Sites / Services round table:

  • NDGF: Close to the end of an FTS update. Also added a disk to cope with future numbers of FTS log files following the large number (1 million logs from 600000 transfers) seen over the weekend.

  • NL-T1: Restarting after the SARA maintenance led to two problems - the reboot of the ATLAS LFC got stuck and the FTS version was accidentally upgraded to version 2.2 but has now been returned to 2.1. At NIKHEF the bdii migration to a 64-bit platform is completed as are the kernel upgrades and the torque upgrade is ongoing.

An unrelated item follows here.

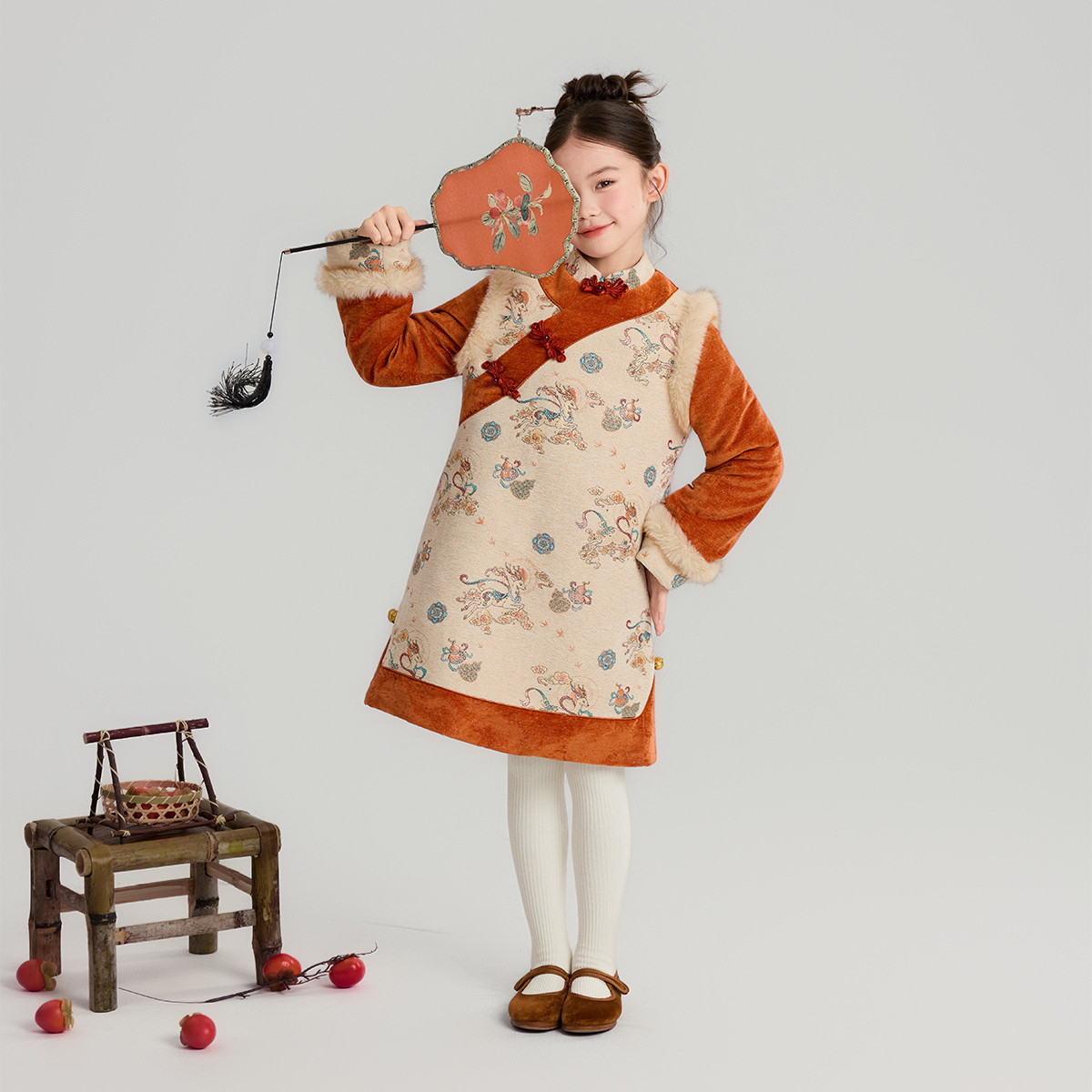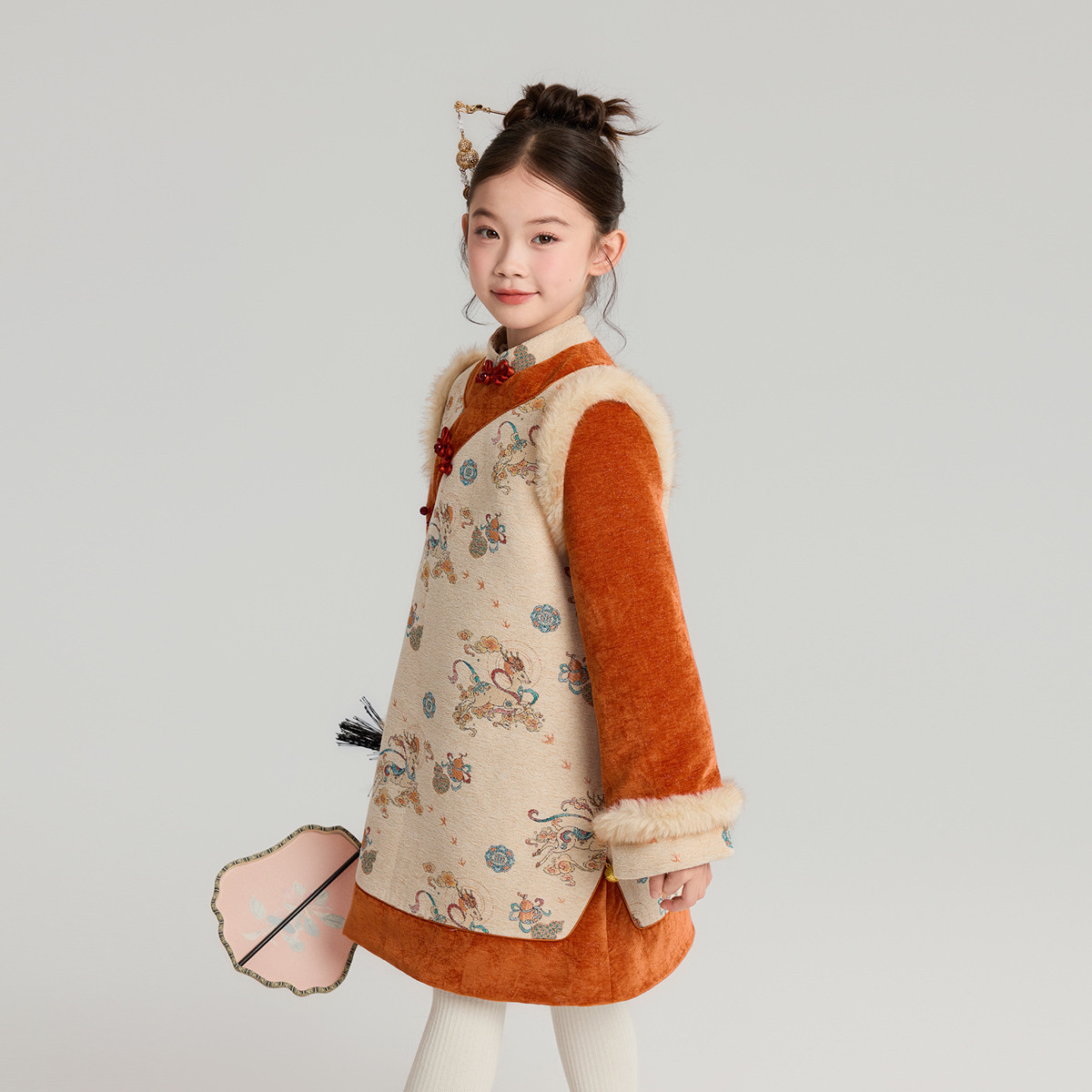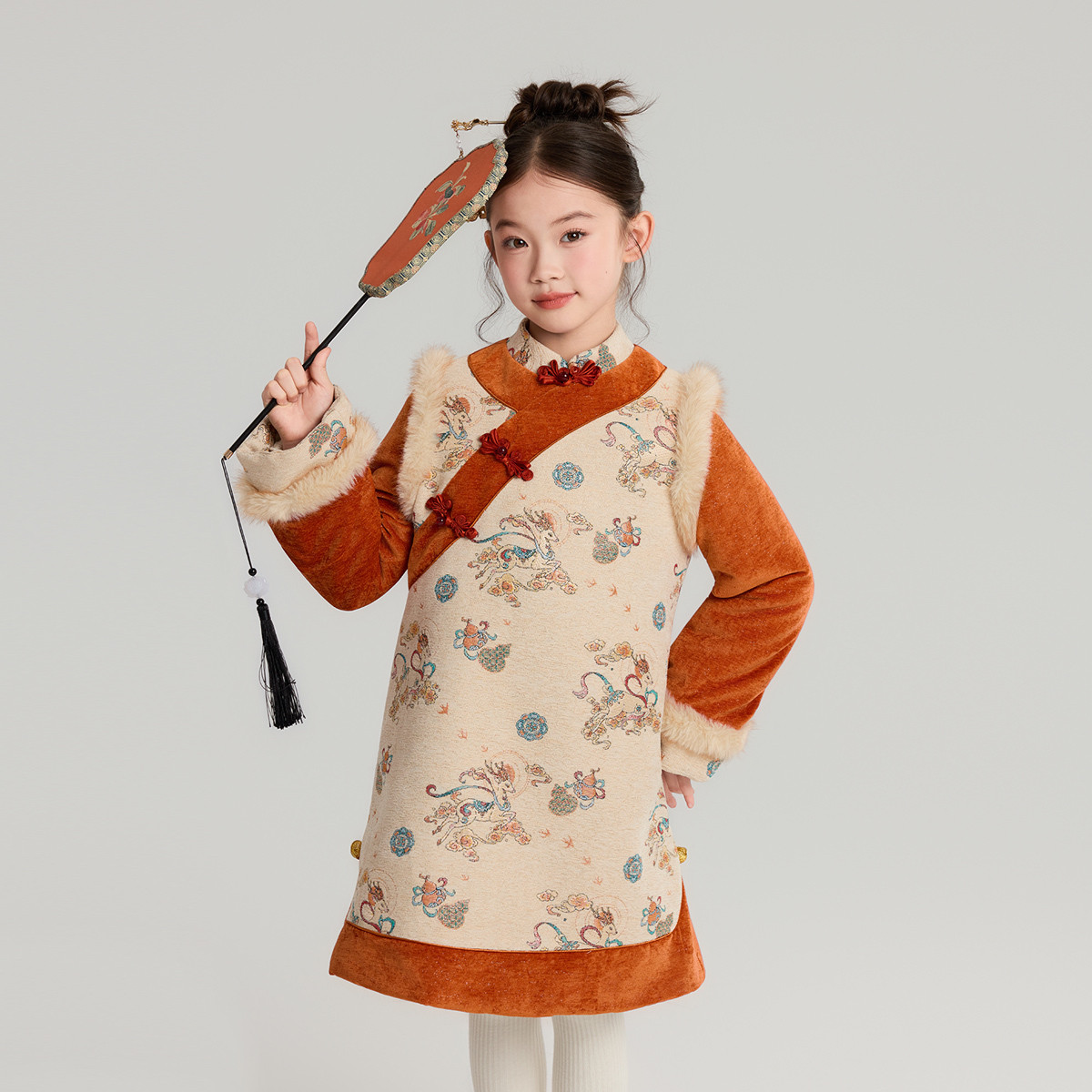 布丁哈鲁冬装女童保暖上衣2026秋冬新款儿童洋气新中式甜美裙子
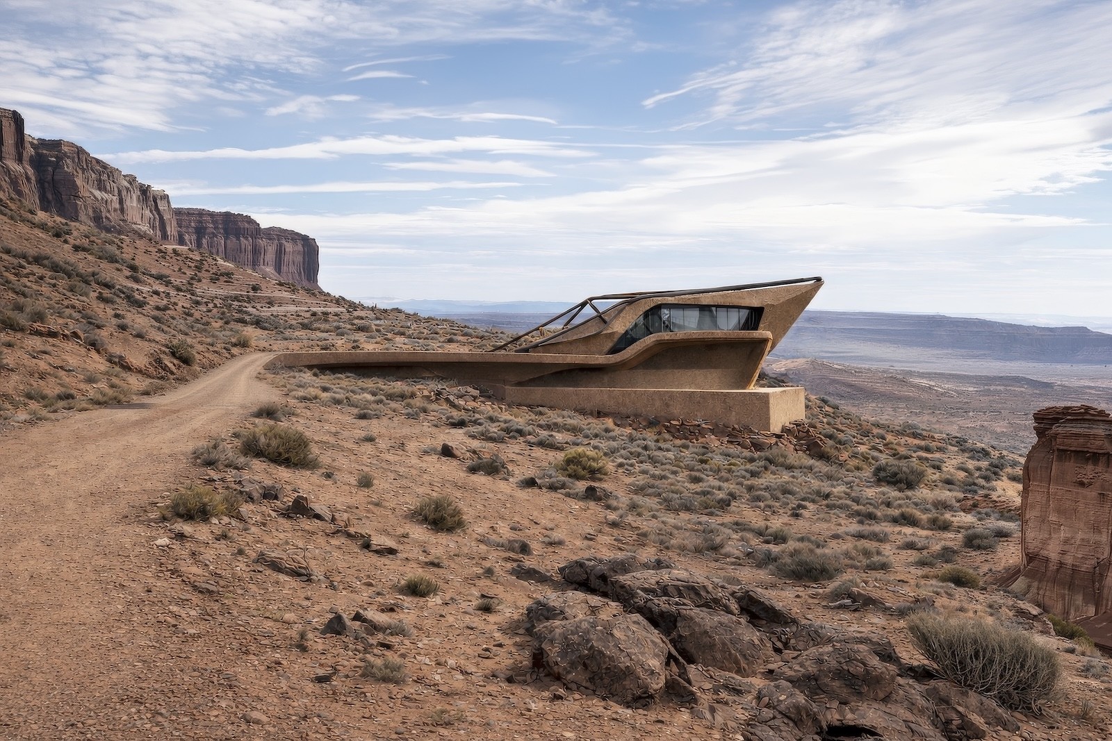 Από εκεί διαμορφώθηκε η κατεύθυνσή της: έργα που συλλαμβάνονται ως γλυπτά στον χώρο, με εικαστική πρόθεση και μια ιδιαίτερη ένταση. Αυτή είναι η περίπτωση της Villa Earth, η οποία έγινε viral, κυρίως, επειδή εισήγαγε μια σπάνια τυπολογία: όχι μια παραθαλάσσια κατοικία στραμμένη προς τη θέα, αλλά μια κατοικία οργανωμένη γύρω από την ίδια τη ναυσιπλοΐα.

  • GridPP: The London Royal Holloway Tier-2 (ATLAS and CMS) will be in extended downtime for the next 4 weeks.

  • BNL (email report): Unable to attend due to overlapping meeting but no particular issues.

  • ASGC: Following the power surge event yesterday we found the srm transfer efficiency reduced to 60-70% only. It affects atlas production transfers and cms also observe the instability of srm transfers today. Since yesterday, we are able to fix: * direct file i/o able to complete shortly. * scheduling problem also have been fixed after restarting the rm master, and also job manager after force killing the ipc processes. * confirm the full func of stager and also rh service. * we found that the SRM has sent the request and it was received by the rhserver but never picked up by the stager. * have recompute the stats yesterday. * now we reduce the stage timeout to 90s, and remain the same at 180s for file transfer for srm timeout.

AOB:

Wednesday

Attendance: local(Jaroslava, Harry(chair), Nicolo, Jamie, MariaG, Jean-Philippe, TimurS, Simone, Dirk, Steve, Denise, Eduardo, Patricia, Roberto, MariaD, Miguel);remote(Angela(KIT), Ginzalo(PIC), Ron(NL-T1), Gang+Jason(ASGC), John(RAL), Rolf(IN2P3), Jens(NDGF)).

Experiments round table:

  • ATLAS reports - Nothing to report today.

  • CMS reports - 1) CERN CASTORCMS DEFAULT degraded last night 23:00-01:00. 2) Investigating failures in CREAM CE tests at IN2P3. 3) KIT '426 Transfer aborted' error in FNAL-->IN2P3 4) ASGC - SRM issue fixed. 5) Software deployment on SLC5 starting on T2_UK_London_IC. 6) still 3 T2s with open tickets. 7) T2_EE_Estonia lost NFS software area, also reflected in SAM tests

  • ALICE reports - 1) Change of general production cycle so an unstable job profile should be expected for today. 2) Ticket sent to PX support from Birmingham by mistake CT655327, please skip it. 3) Ticket sent to VOBOX support: CT655195. ssh access to the ALICE VOBOXES is closed. The issue might come from a change in the default behavior of the ncm-useraccess component which was announced in December and went into production with the last scheduled upgrades (last week?). Operational use of the machines is ensured (via gsissh), any sudo operation is however denied. Following with the experts. 4) Following the CCIN2P3 issue reported since Monday the site admin locked every aligrid job. At about 16:00 the jobs were unlocked in a controlled way by lowering BQS limit during the observation period (until today), this means setting the limit to 300 slots. Once the slots were opened, ALICE closed the submission to the local CREAM-CE system just to ensure a single submission procedure, using therefore the WMS submission mode only. We have asked the site admin if the problems observed on Monday are still visible and if we can open again the submission to CREAM. Rolf later reported that the analysis of the problematic ALICE jobs is ongoing but it could just be a coincidence as regards ALICE.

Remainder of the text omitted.